The fire had thawed the overhanging branches. Droplets sliding down the slender fingers turned to steam before landing in it. Nothing Akhmed could say would put this man back together. “You were a good husband,” he said. “Your wife loved you.”

Khassan looked confused, as though he hadn’t been thinking of his wife at all, and reached to the ground for another stack of pages. “My wife didn’t, but thank you,” he said, nodding to the fire. “Forty-four thousand three hundred and thirty-eight pages. It took five hours to count. Over twenty trips to carry them. No wonder these pups are so tired.” He knelt and patted the bald dog’s stomach with an awful affection. “Each page averages three hundred and fifty words. That’s fifteen million words I’ve written.”

“There are more words.” The firelight twitched across their faces. It was all he could say.

“There are more writers.”

“You can’t do this.” He spoke from a fear that closed his stomach into a fist, helpless like a child, his emotions a magnification of what he detected in the elder. If Khassan lost hope, where would Akhmed find it?

“You wouldn’t understand, Akhmed, but you might, if you reach my age. I was thinking of the stories my mother used to tell me about princes and warriors who went to great measures to ensure their names would endure, and were punished by Allah for their pride. I want to be forgotten. There is something miraculous in the way the years wash away your evidence, first you, then your friends and family, then the descendants who remember your face, until you aren’t even a memory, you’re only carbon, no greater than your atoms, and time will divide them as well.”
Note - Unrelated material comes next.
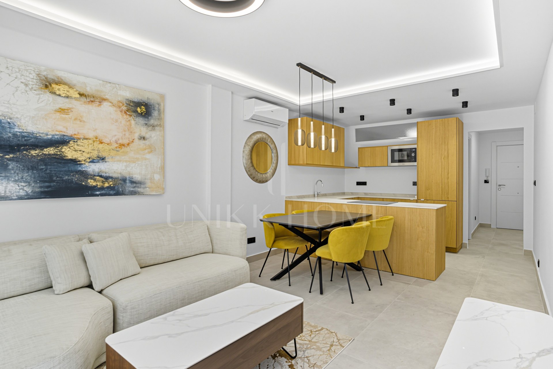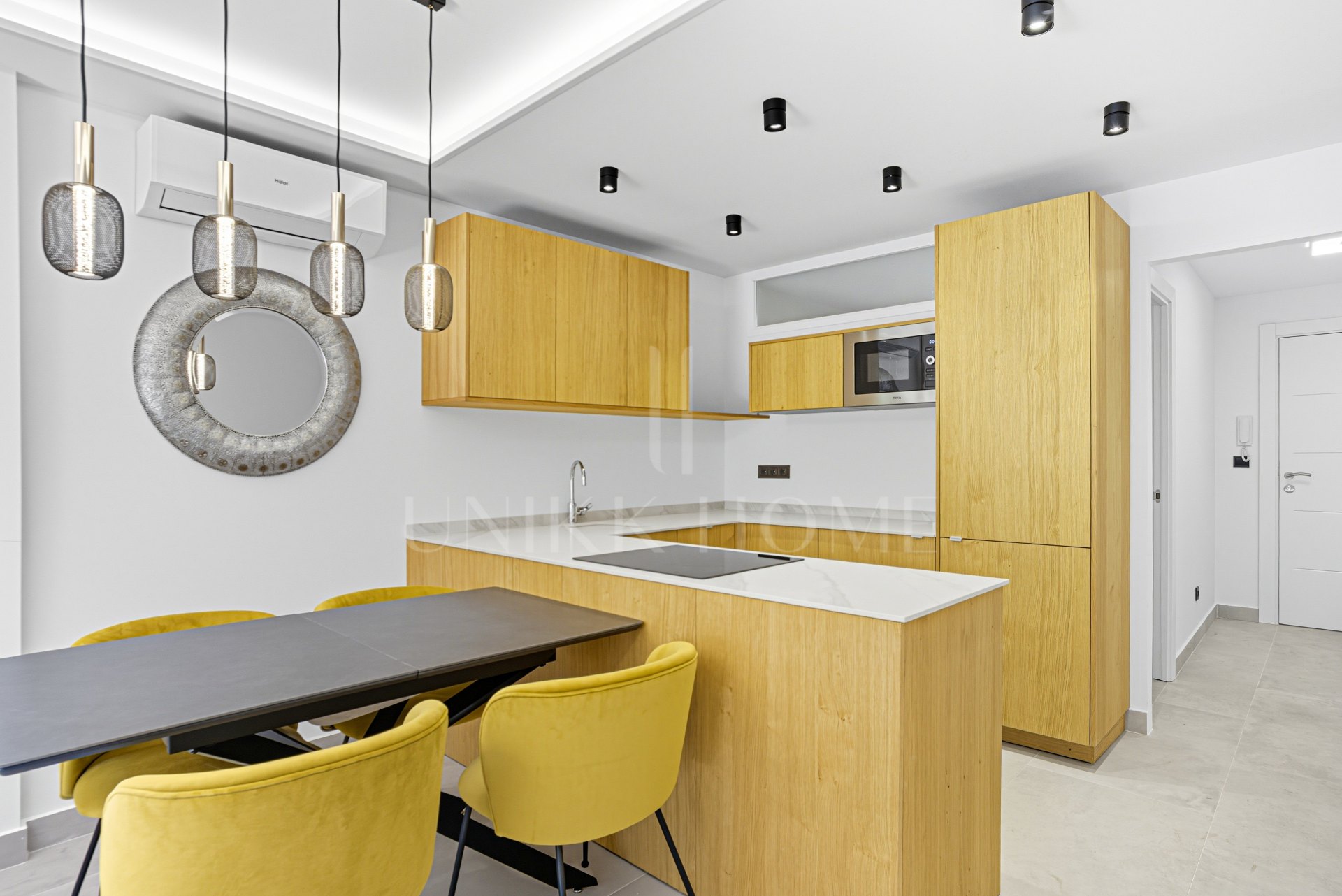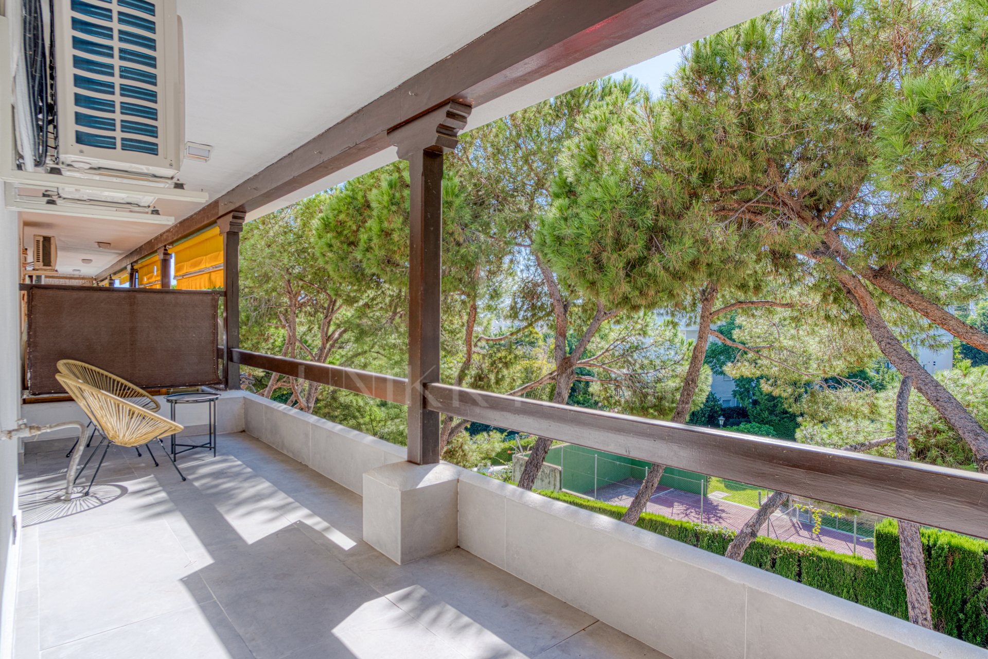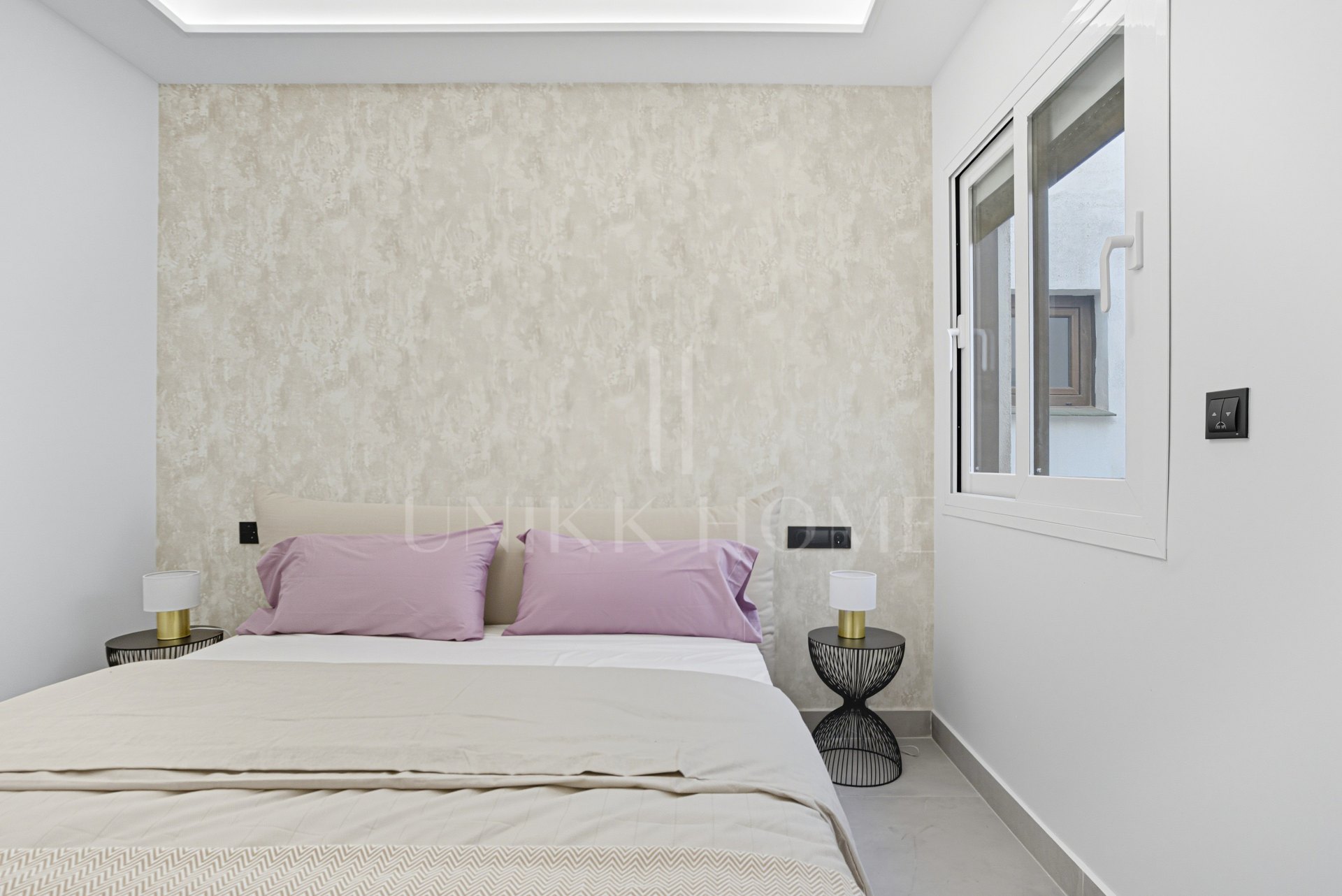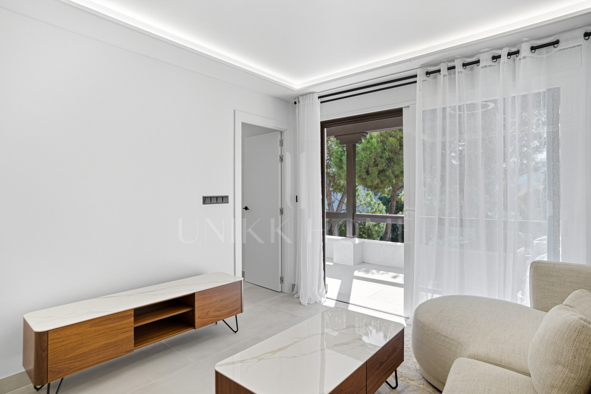This exceptional three-bedroom apartment is situated in a highly sought-after location on Marbella’s prestigious Golden Mile, within the charming urbanization of La Carolina Park. The community offers extensive landscaped gardens, two swimming pools, and a tennis court, while also being within easy walking distance to the beach, renowned restaurants, and all essential amenities. Recently renovated to a high standard, the apartment is west-facing and features a spacious open-plan kitchen and living area with modern fittings and air conditioning, seamlessly connecting to a private terrace perfect for outdoor dining or enjoying the afternoon sun. The master bedroom boasts an en-suite bathroom, complemented by two additional well-sized bedrooms and a second bathroom. In addition, the property includes a parking space for one car in the communal garage, making it perfectly suited for comfortable year-round living in one of Marbella’s most desirable areas.

“What are you saying?” Akhmed asked, though he didn’t want Khassan to say any more.

“I’m saying that I want to disappear.”

Once, while hunting in these woods, Akhmed came upon a doe flopping on the ground and struggling to breathe. A distended pink wound spread her hind legs, and her snout held a long line of anguished groans, and to end her suffering he aimed for her neck. But before he pulled the trigger, the sac-wrapped end of a fawn split open the wound. His jaw slackened. He set the rifle among the leaves, hid his forefinger behind his back, ashamed of what it had nearly caused, and watched one life begin where another had nearly ended. And now, with the final sheets curling on the coals, fear rose to wonder as he witnessed a moment of equal profundity. Not once for as far back as he could recall had Khassan ever admitted to a shortcoming, a mistake, not even a lapse as trivial as a missing comma. Tonight he confessed total failure.